The entire dish takes about 20-25 minutes, making it ideal for a quick meal.
Can I make this dish vegetarian?
Yes, it’s already vegetarian. Just ensure you use a vegetarian Parmesan cheese!
What’s the best way to reheat the pasta?
Gently reheat the pasta on the stovetop with a splash of water or olive oil to maintain its texture.
With its simplicity and rich flavors, Ina Garten’s Midnight Pasta recipe is sure to become a beloved staple in your home. Happy cooking!
Print
Ina Garten’s Midnight Pasta
- Total Time: 20 minutes
- Yield: 4 servings 1x
- Diet: Vegetarian
Description
A quick yet flavorful pasta dish made with pantry staples that evokes warmth and satisfaction.
Ingredients
- 12 oz spaghetti or linguine
- 1/4 cup olive oil
- 4 garlic cloves, thinly sliced
- 1/2 tsp red pepper flakes
- 1/4 cup fresh parsley, chopped
- 1 tsp lemon zest
- 1/2 cup Parmesan cheese, grated
- Salt and black pepper to taste
Instructions
- Boil water in a large pot, then add the pasta and cook until al dente, about 8-10 minutes. Reserve 1 cup of pasta water, then drain and set aside.

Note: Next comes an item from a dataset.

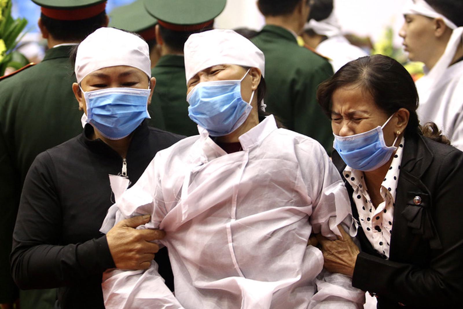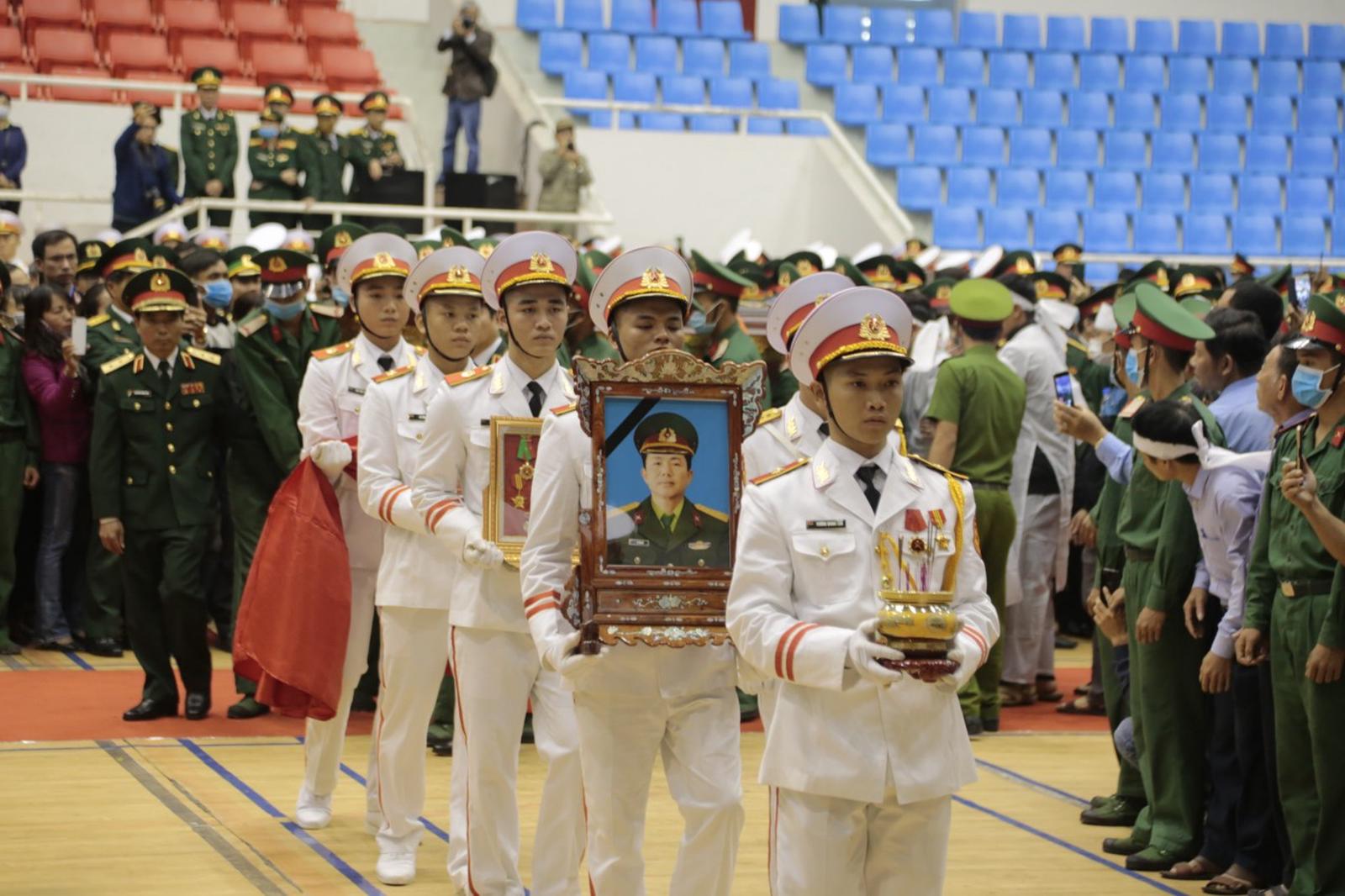Lễ viếng được tổ chức trang trọng trong nỗi đau thương của gia đình, đồng chí, đồng đội và nhân dân.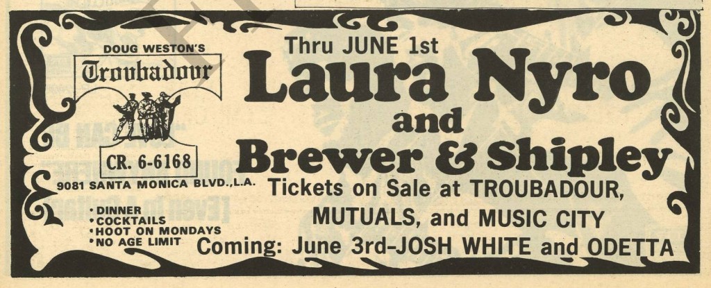 Brewer and Shipley support Laura Nyro at The Troubadour, Concert Poster in the Los Angeles Free Press 30 May 1969 (used with kind permission of Steven Finger, L.A Free Press)NW: The song “Green Bamboo” sounds like being above L.A and getting away from the craziness?

- In a large skillet, heat the olive oil over medium heat. Add the sliced garlic and sauté for 1–2 minutes until fragrant but not browned.
- Stir in the red pepper flakes and cook for another 30 seconds.
- Add the drained pasta to the skillet, tossing to coat well in the garlic oil. Use the reserved pasta water a little at a time to achieve your desired sauce consistency.
- Remove from heat, then stir in chopped parsley, lemon zest, and grated Parmesan cheese. Season to taste with salt and black pepper.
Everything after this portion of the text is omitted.